Upserts in Iceberg

Owen O'Malley Wed, 03 Jul 2019 11:45:02 -0700

It works for me too. 

.. Owen


> On Jul 3, 2019, at 11:27, Anton Okolnychyi <aokolnyc...@apple.com.invalid> 
> wrote:
> 
> Works for me too.
> 
>> On 3 Jul 2019, at 19:09, Erik Wright <erik.wri...@shopify.com.INVALID> wrote:
>> 
>> That works for me.
>> 
>> On Wed, Jul 3, 2019 at 2:01 PM Ryan Blue <rb...@netflix.com.invalid> wrote:
>>> How about 9AM PDT on Friday, 5 July then?
>>> 
>>>> On Wed, Jul 3, 2019 at 10:55 AM Owen O'Malley <owen.omal...@gmail.com> 
>>>> wrote:
>>>> I'd like to call in, but I'm out Thursday. Friday would work except 11am 
>>>> to 1pm pdt.
>>>> 
>>>> .. Owen
>>>> 
>>>>> On Wed, Jul 3, 2019 at 10:42 AM Ryan Blue <rb...@netflix.com.invalid> 
>>>>> wrote:
>>>>> I'm available Thursday and Friday this week as well, but it's a holiday 
>>>>> in the US so some people may be out. If there are no objections from 
>>>>> anyone that would like to attend, then I'm up for that.
>>>>> 
>>>>>> On Wed, Jul 3, 2019 at 10:40 AM Anton Okolnychyi <aokolnyc...@apple.com> 
>>>>>> wrote:
>>>>>> I apologize for the delay on my side. I’ll still have to go through the 
>>>>>> last emails. I am available on Thursday/Friday this week and would be 
>>>>>> great to sync.
>>>>>> 
>>>>>> Thanks,
>>>>>> Anton
>>>>>> 
>>>>>>> On 3 Jul 2019, at 01:29, Ryan Blue <rb...@netflix.com.INVALID> wrote:
>>>>>>> 
>>>>>>> Sorry I didn't get back to this thread last week. Let's try to have a 
>>>>>>> video call to sync up on this next week. What days would work for 
>>>>>>> everyone?
>>>>>>> 
>>>>>>> rb
>>>>>>> 
>>>>>>>> On Fri, Jun 21, 2019 at 9:06 AM Erik Wright <erik.wri...@shopify.com> 
>>>>>>>> wrote:
>>>>>>>> With regards to operation values. Currently they are:
>>>>>>>> append: data files were added and no files were removed.

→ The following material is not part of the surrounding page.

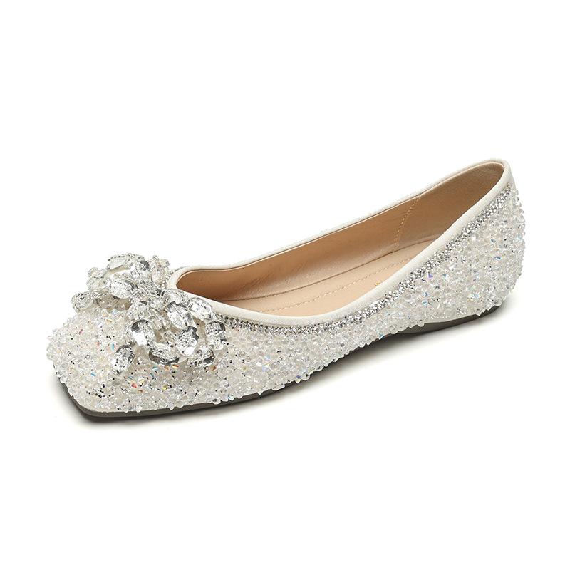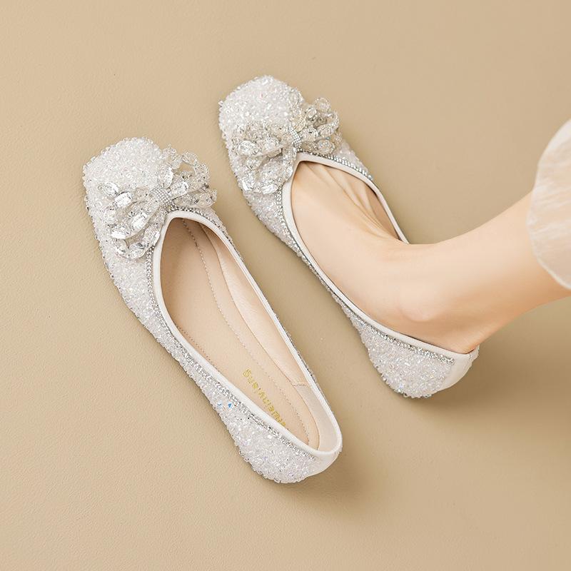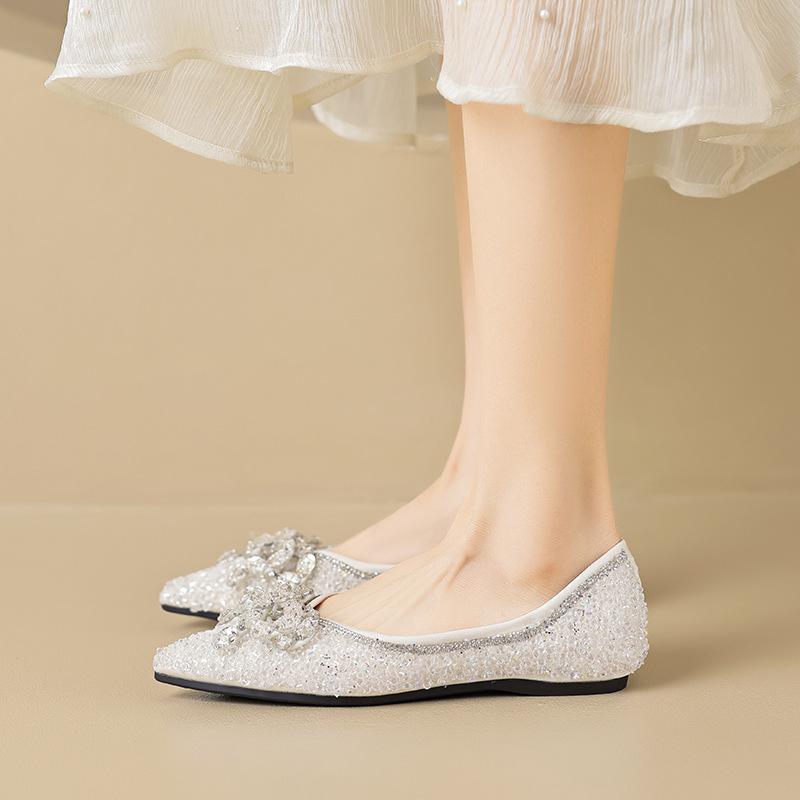 Weiwei Girl 5933-5 Туфли-лодочки со стразами Женские осенние с мелким вырезом Вечерний стиль с бантом Французские нежные туфли Большой размер Женская обувь

>>>>>>>> replace: data files were rewritten with the same data; i.e., 
>>>>>>>> compaction, changing the data file format, or relocating data files.

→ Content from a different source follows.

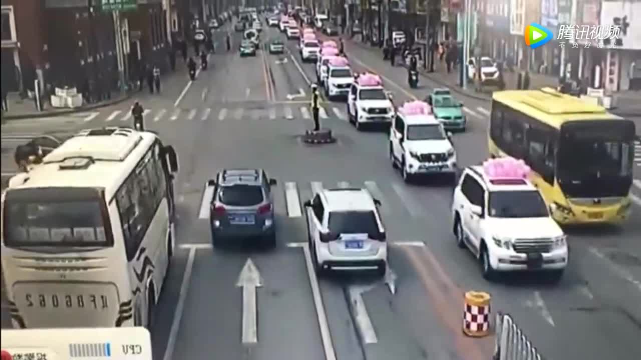 交警正在指挥,不料却被瞬间撞飞,女司机的杀伤力太强

>>>>>>>> overwrite: data files were deleted and added in a logical overwrite 
>>>>>>>> operation.
>>>>>>>> delete: data files were removed and their contents logically deleted.
>>>>>>>> If deletion files (with or without data files) are appended to the 
>>>>>>>> dataset, will we consider that an `append` operation? If so, if 
>>>>>>>> deletion and/or data files are appended, and whole files are also 
>>>>>>>> deleted, will we consider that an `overwrite`?
>>>>>>>> 
>>>>>>>> Given that the only apparent purpose of the operation field is to 
>>>>>>>> optimize snapshot expiration the above seems to meet its needs. An 
>>>>>>>> incremental reader can also skip `replace` snapshots but no others. 

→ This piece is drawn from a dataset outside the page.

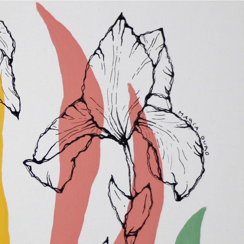 This unique and original contemporary artwork "Iris in the garden" was created by contemporary artist Maria Duro.

>>>>>>>> Once it decides to read a snapshot I don't think there's any 
>>>>>>>> difference in how it processes the data for append/overwrite/delete 
>>>>>>>> cases.
>>>>>>>> 
>>>>>>>>> On Thu, Jun 20, 2019 at 8:55 PM Ryan Blue <rb...@netflix.com> wrote:
>>>>>>>>> I don’t see that we need [sequence numbers] for file/offset-deletes, 
>>>>>>>>> since they apply to a specific file. They’re not harmful, but the 
>>>>>>>>> don’t seem relevant.
>>>>>>>>> 
>>>>>>>>> These delete files will probably contain a path and an offset and 
>>>>>>>>> could contain deletes for multiple files. In that case, the sequence 
>>>>>>>>> number can be used to eliminate delete files that don’t need to be 
>>>>>>>>> applied to a particular data file, just like the column equality 
>>>>>>>>> deletes. Likewise, it can be used to drop the delete files when there 
>>>>>>>>> are no data files with an older sequence number.
>>>>>>>>> 
>>>>>>>>> I don’t understand the purpose of the min sequence number, nor what 
>>>>>>>>> the “min data seq” is.
>>>>>>>>> 
>>>>>>>>> Min sequence number would be used for pruning delete files without 
>>>>>>>>> reading all the manifests to find out if there are old data files. If 
>>>>>>>>> no manifest with data for a partition contains a file older than some 
>>>>>>>>> sequence number N, then any delete file with a sequence number < N 
>>>>>>>>> can be removed.
>>>>>>>>> 
>>>>>>>> OK, so the minimum sequence number is an attribute of manifest files. 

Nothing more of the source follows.